Hinweise auf Diebesbande

Damit bleibt eine Reihe von Fragen vorläufig unbeantwortet. Zum Beispiel, wie viele Fahrzeugteile welcher Art dem Werk durch den Vorfall tatsächlich abhanden kamen oder wie die Täter konkret vorgingen. Unklar ist auch, über welchen Zeitraum sich der mutmaßliche Diebstahl erstreckte. Und wer alles verdächtigt wird.
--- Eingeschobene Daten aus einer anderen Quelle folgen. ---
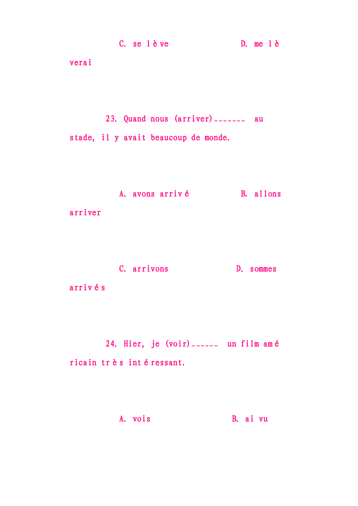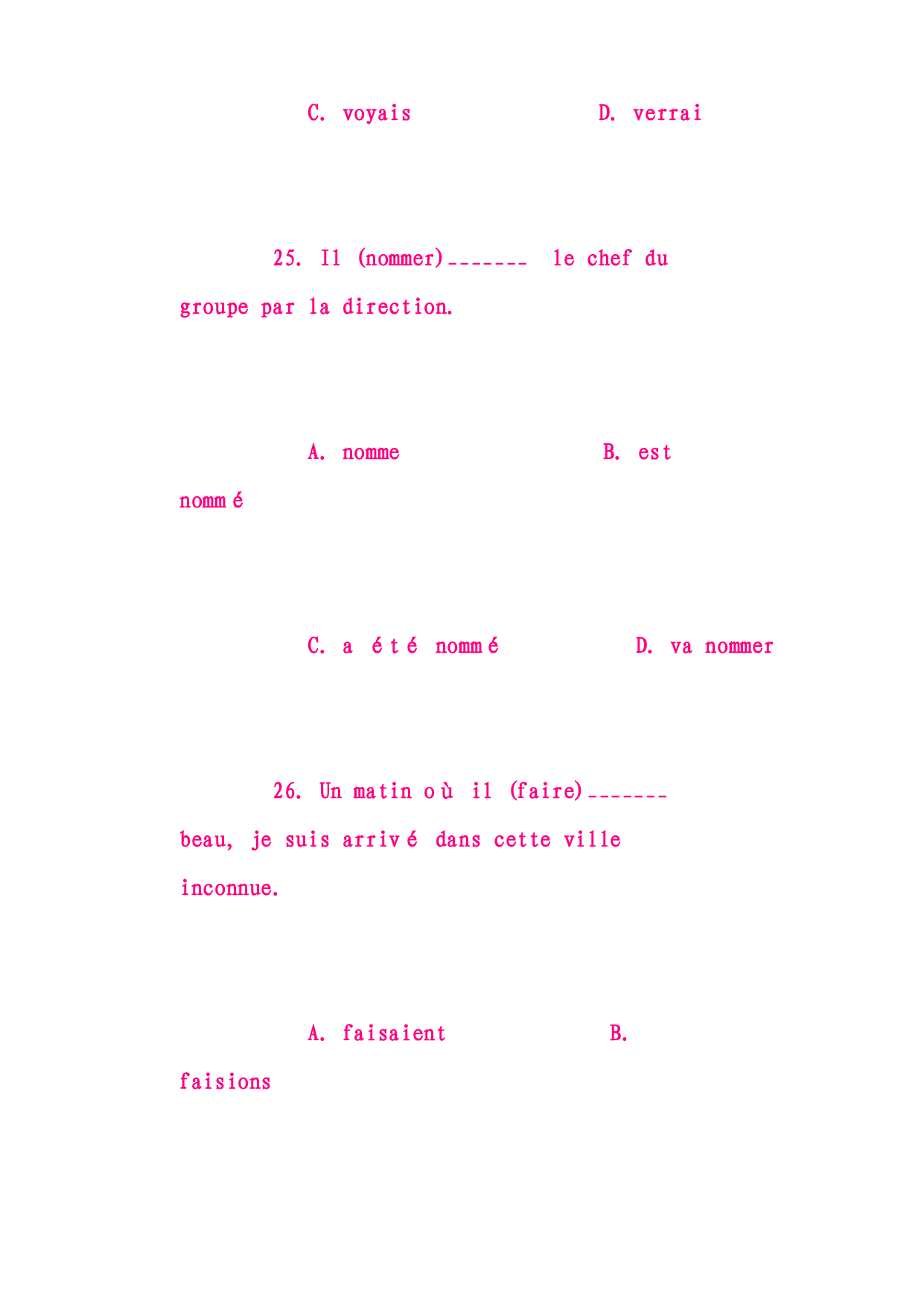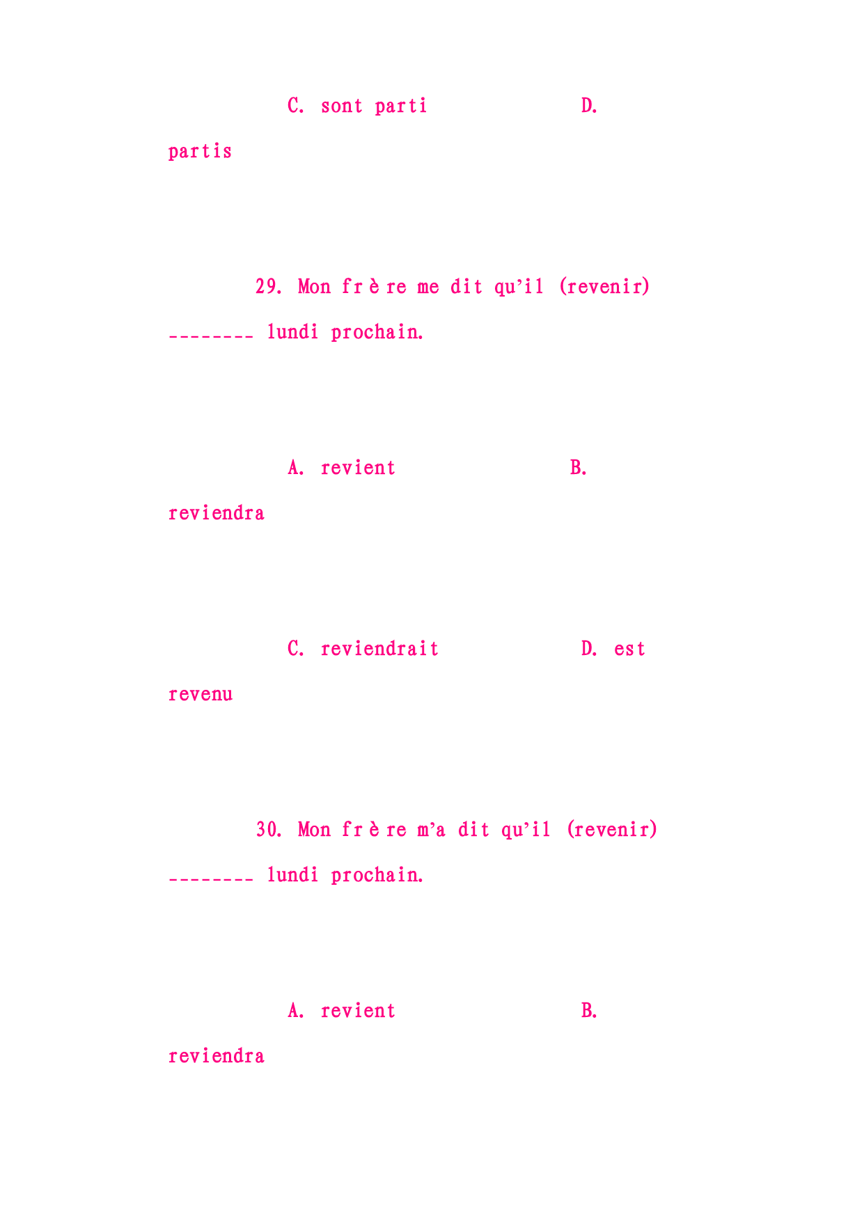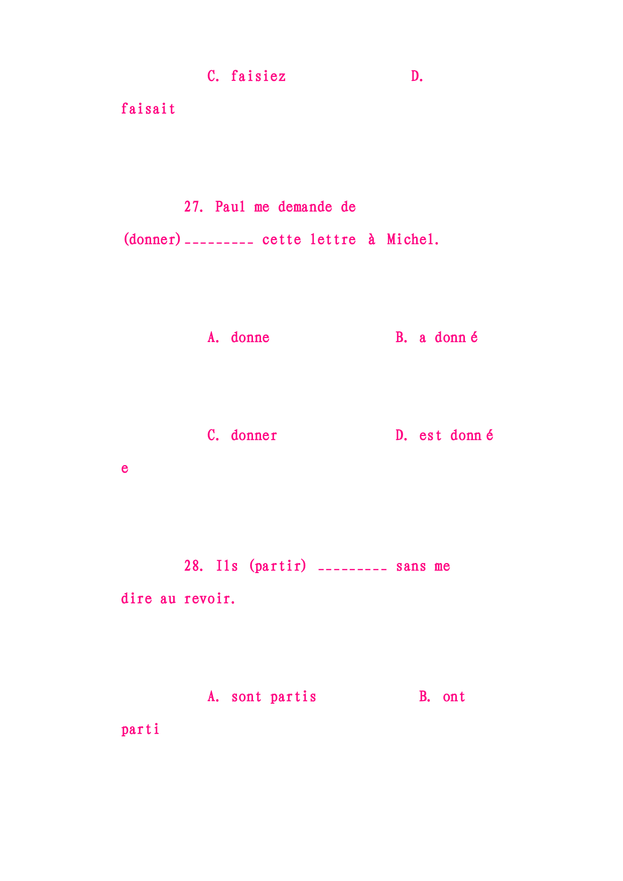 全部时态总结练习 选择适当的选项填空: 21.Il(travailler)_________danscetteusinependantdeuxans. A.travailleB.travaillait C.atravailléD.travaillera 22.D’habitude,je(selevr)_________tôtlematin. A.mesuislevéB.melève C.selèveD.melèverai 23.Quandnous(arriver)_______austade,ilyavaitbeaucoupdemonde. A.avonsarrivéB.allonsarriver C.arrivonsD.sommesarrivés 24.Hier,je(voir)______unfilmaméricaintrèsintéressant. A.voisB.aivu C.voyaisD.verrai 25.Il(nommer)_______lechefdugroupeparladirection. A.nomme B.estnommé C.aéténommé D.vanommer 26.Unmatinoùil(faire)_______beau,jesuisarrivédanscettevilleinconnue. A.faisaientB.faisions C.faisiezD.faisait 27.Paulmedemandede(donner)_________cettelettreàMichel. A.donneB.adonné C.donnerD.estdonnée 28.Ils(partir)_________sansmedireaurevoir. A.sontpartisB.ontparti C.sontpartiD.partis 29.Monfrèremeditqu’il(revenir)________lundiprochain. A.revientB.reviendra C.reviendraitD.estrevenu 30.Monfrèrem’aditqu’il(revenir)________lundiprochain. A.revientB.reviendra C.reviendrait D.estrevenu 31.Sophiem’atéléphonéqu’elle(avoir)______unbébélemoisdernier. A.avait B.aeu C.avaiteuD.a 用适当的形式填空 1.Elleamissonmanteaucematin.Maisil_______(nepasfaire)trèsfroid. 2.C’estl’unedesplusgrandesvillesqu’il_____(visiter)déjà. 3.Onjugeaitcettefemmequi____(tuer)sonmari. 4.L’élèveatoutdesuiteinforméleprofesseuretlefraudeur____(trouver)rapidement. 5.Ils______(sortir)quandvousrentrerezàlamaison. 6.Nousferonsunepromenadequandnous_______(finir)nosdevoirs. 7.Quandils_____(descendre)del’autobus,ilsontvuleurami. 8.Sij’aidutemps,je_____(aller)vousvoir. 9.Lemédecinaréponduauxquestions____(poser)parlesmalades. 10.Lesjournauxd’hier____(sevendre)trèsvite. 11.Après____(terminer)sesétudes,ilestdevenumédecin. 12.Leguidem’aditquelepeupledeParis____(semettre)engrèvelasemainedernière. 13.Marieluiademandépourquoiil____(être)enretardcejour-là. 14.Lepourboiren’estpasobligatoire,leservice____(comprendre)dansl’addition. 15.Cejour-làquandilestrentréàlamaison,sonpère_____(venir)departir. 16.Dèsqueje_____(avoir)desesnouvelles,
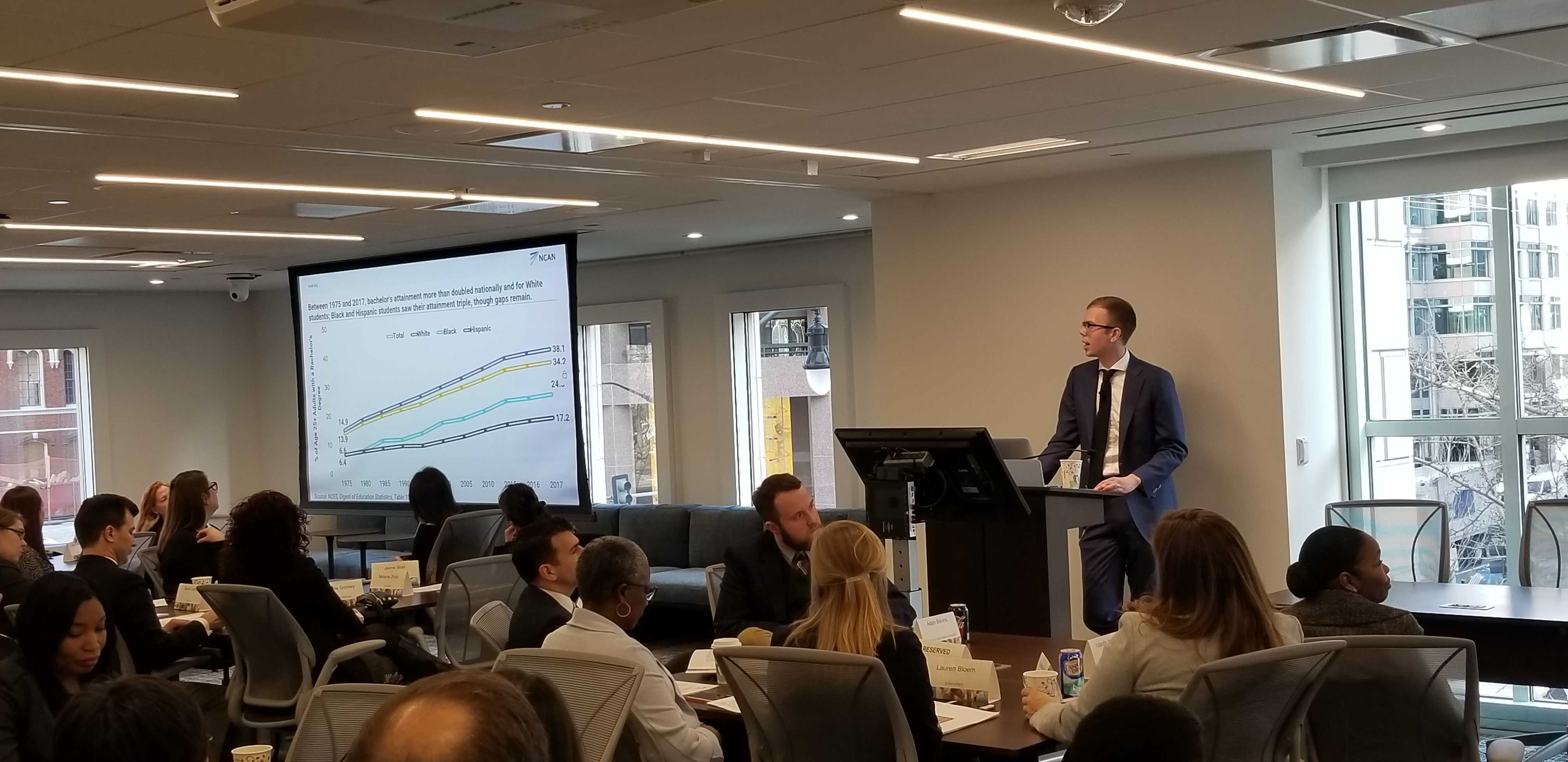 Last month, dozens of K-12 and higher education stakeholders joined NCAN at the Bill & Melinda Gates Foundation’s Washington, D.C., office to discuss “the data that matter and the plans that work” during an event focused on school districts and partner organizations using big ideas to prepare students for success beyond high school. This event convened various education stakeholders to learn about NCAN’s insights and lessons learned from nearly two years of the To & Through Advising Challenge. The event also served as a release of a white paper profiling five Advising Challenge participants.
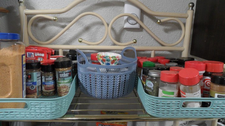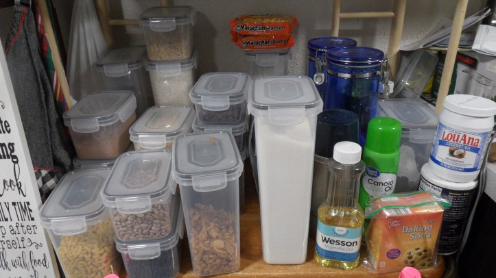 After fixing the spices on the top shelf, I took our boxes of noodles and other baking items and started putting them in my airtight storage containers for safe keeping. Thankfully, we don’t have any sugar ants here like we used to have down south, but I still like my food to be safely put away. Most of it was already in these containers, but we had just recently went shopping and picked up a few things, and I was too lazy to put them away.
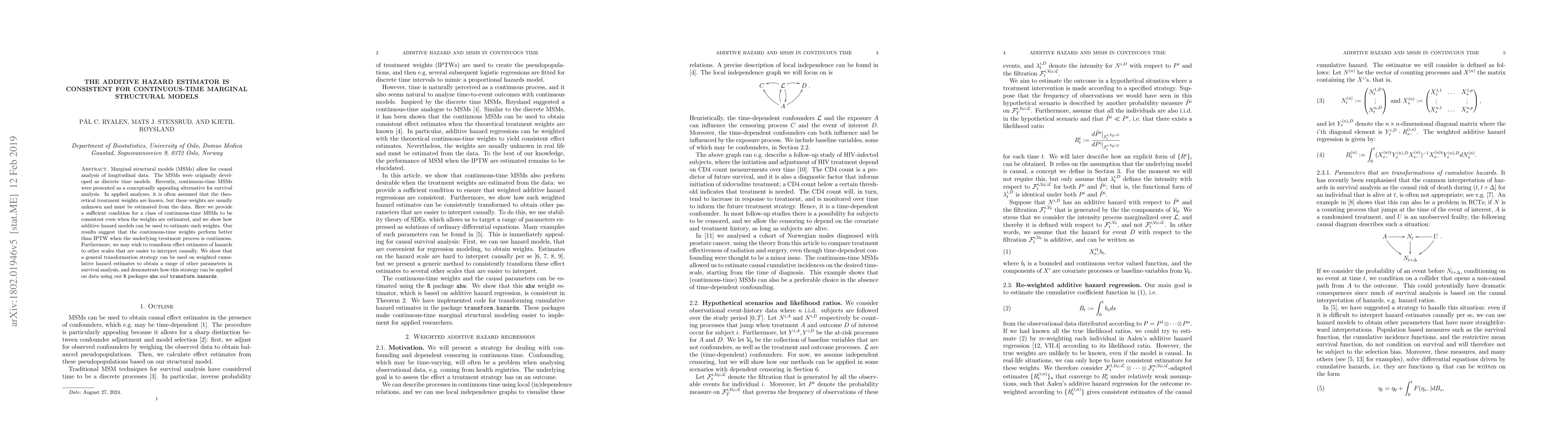 Marginal structural models (MSMs) allow for causal analysis of longitudinal data. The MSMs were originally developed as discrete time models. Recently, continuous-time MSMs were presented as a conceptually appealing alternative for survival analysis. In applied analyses, it is often assumed that the theoretical treatment weights are known, but these weights are usually unknown and must be estimated from the data. Here we provide a sufficient condition for a class of continuous-time MSMs to be consistent even when the weights are estimated, and we show how additive hazard models can be used to estimate such weights. Our results suggest that the continuous-time weights perform better than IPTW when the underlying treatment process is continuous. Furthermore, we may wish to transform effect estimates of hazards to other scales that are easier to interpret causally. We show that a general transformation strategy can be used on weighted cumulative hazard estimates to obtain a range of other parameters in survival analysis, and demonstrate how this strategy can be applied on data using our R packages ahw and transform.hazards.
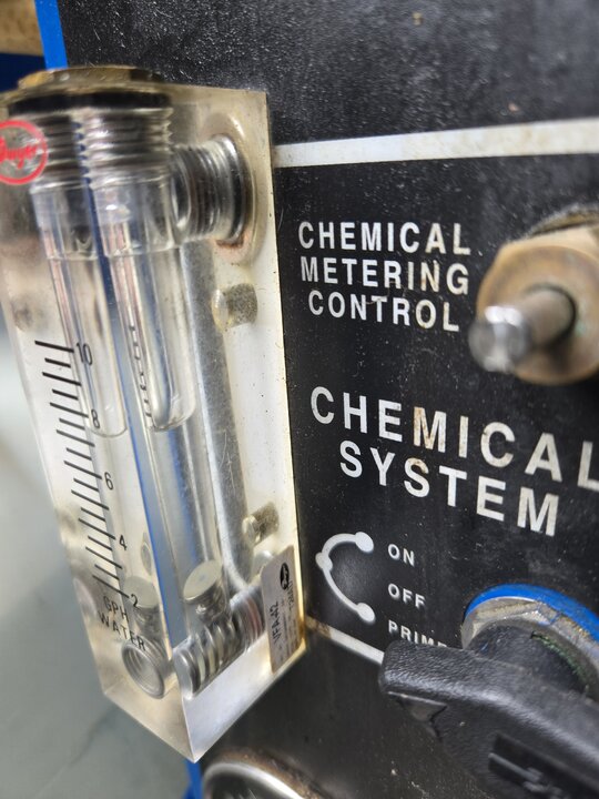 If you have a chemical pump your chemical meter probably has brass fittings and depending on the chemicals you use they tend to deteriorate quite rapidly. The dwyer meters used on machines that use starvation to supply chemicals are all stainless. The way I found this out was all my business life ive had machines that used starvation to feed chemicals. (They have a flow adjustment knob at the bottom of the meter) when i retro fitted frankinstien with a chemical pump i bought the proper dwyer meter and it lasted only 900 hours before giving me problems. The way that i solved it was to take fittings from a pile of old meters that were all stainless and swap out the parts. I have a bunch of um if you'd like to do the same to your meter. I don't have any extra â…›pipe to hose fittings to connect it up but their easy to find on ebay Amazon etc.etc.
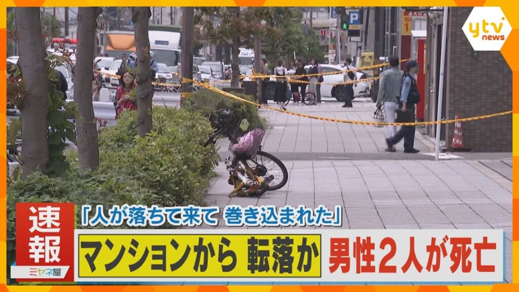 「人が落ちてきた。自転車の人も巻き込まれている」マンションから人転落、路上の人に当たったか 男性2人が死亡 大阪市北区(動画あり)
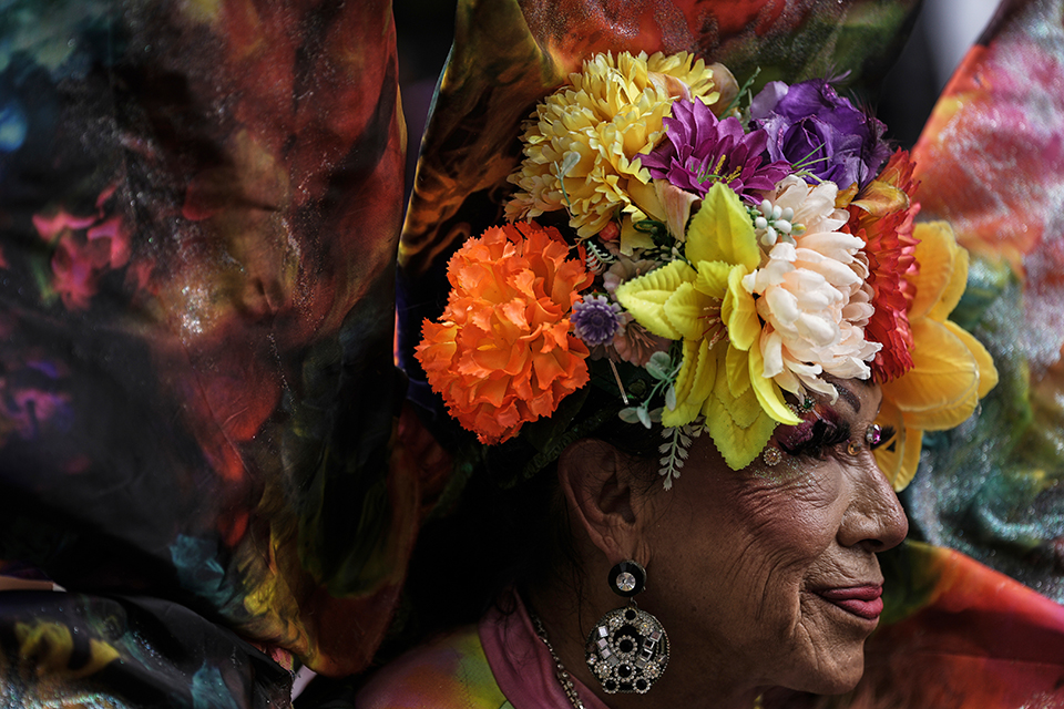Κάθε Pride έχει την υπερβολή του. Δυνατή μουσική, στρας, λίκρα, έντονα χρώματα, ό,τι αρμόζει σε μια γιορτή. Στην Κολομβία από την άλλη δεν θα μπορούσε να λείπει και μια δόση παράδοσης με την κυρία που συμμετέχει στην πορεία της Μποκοτά να είναι στολισμένη με άνθη.
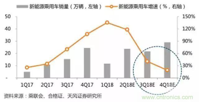 中国2017-2018季度新能源汽车产销测算(万辆,%)
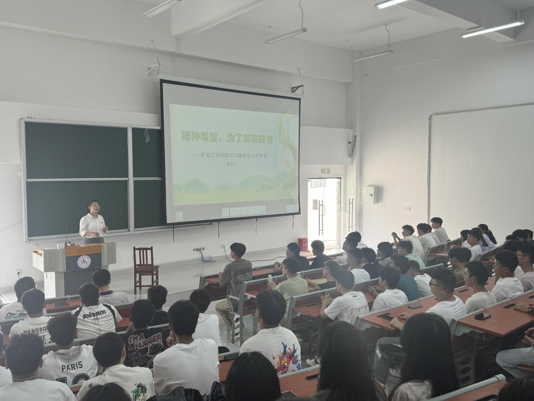 本网讯(罗洪露/文 刘胜益/图) 2024年8月30日,矿业工程学院党总支书记詹凤合、学生党支部书记王雪嫣在毓知楼118教室,面向学院2024级新生开展入党启蒙教育。
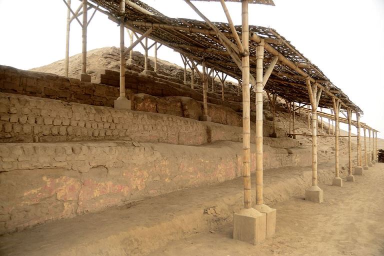 “El encuentro ocurrió justamente aquí, conversamos ahora con Janet Oshiro, arqueóloga por la Universidad de San Marcos y miembro del equipo de investigación que dirige Denise, en el Templo Pintado, un edificio construido en tiempos de los ychmas, antes del dominio inca, cuyas pinturas murales en ocre y amarillo fueron estudiadas por Max Uhle”. En esta misma zona, en 1938, el norteamericano Albert Giesecke encontró al llamado ídolo de Pachacamac, un madero tallado que reproduce la imagen del dios venerado en el oráculo y los restos de una puerta con incrustaciones de mullu (Spondylus spp) que se supone permitía el ingreso a la cámara donde se encontraba el báculo.

Möglicherweise sind die Beschuldigten im Kreise von Zulieferern zu suchen. Vielleicht haben sich die Diebe aber auch nur als solche ausgegeben. Darüber hinaus könnten auch Werksangehörige ihre Finger im Spiel gehabt haben. Vieles deutet auf eine Bande hin: Nach Informationen unserer Redaktion laufen Ermittlungsverfahren an verschiedenen Orten, wobei alle ihren Ausgang in Osnabrück haben. 


"Die Ermittlungen befinden sich in einer entscheidenden Phase"Alexander Retemeyer, Sprecher der Staatsanwaltschaft Osnabrück

Mangelhafte Kontrollen am Tor

Ein Insider erklärte, der mutmaßliche Motoren-Klau offenbare eklatante Schwächen sowohl bei der Ein- und Ausgangskontrolle am Tor sowie im Warenwirtschaftssystem der Autofabrik. Anscheinend sei es für die Beteiligten ein Leichtes gewesen, mit großen Fahrzeugen aufs Werksgelände zu kommen und es samt dem schweren Diebesgut wieder zu verlassen. Mit der Folge, dass für die Fertigung benötigte Teile laut den Büchern zwar vorrätig waren, aber nie am Fließband auftauchten.

Aktuell sind bei VW Osnabrück nach Firmenangaben mehr als 2300 Mitarbeiter beschäftigt. Sie bilden in den Geschäftsbereichen Technische Entwicklung, Metall-Gruppe und Fahrzeugbau die gesamte automobile Prozesskette ab – von der ersten Idee bis zur Serienproduktion. Die Kernkompetenz des Unternehmens liegt in den Gebieten Cabriolets, Roadster und Kleinserienfahrzeuge.


Neufahrzeuge der Marken VW und Porsche warten auf dem Gelände von Volkswagen in Osnabrück auf ihre Auslieferung. Foto: NOZ-Archiv/David Ebener


Von Golf Cabrio bis Porsche Cayman

Auf dem 426.000 Quadratmeter großen Werksgelände in Fledder fertigte Volkswagen Osnabrück seit März 2011 das Golf Cabriolet als erstes Modell. Seit 2012 liefen die Porsche-Modelle Boxster und Cayman am Standort vom Band. 2014 begann die Produktion des auf eine Kleinstserie beschränkten Ein-Liter-Autos Volkswagen XL1. Ein weiteres Porsche-Modell folgte im Juni 2015. Seitdem übernahm VW Osnabrück einen Teil der Endmontage des Porsche Cayenne. Außerdem lackierten und montierten die Mitarbeiter seit April 2016 die erste Generation des VW Tiguan. Im Frühjahr 2017 startete die Fertigung von Teilumfängen des aktuellen Porsche Cayman.

Ende 2018 bekommt das Werk ein weiteres Modell: den Karoq der Konzerntochter Skoda. Ab Anfang 2020 sollen dann in Osnabrück jährlich bis zu 20.000 VW T-Roc Cabriolets vom Band rollen.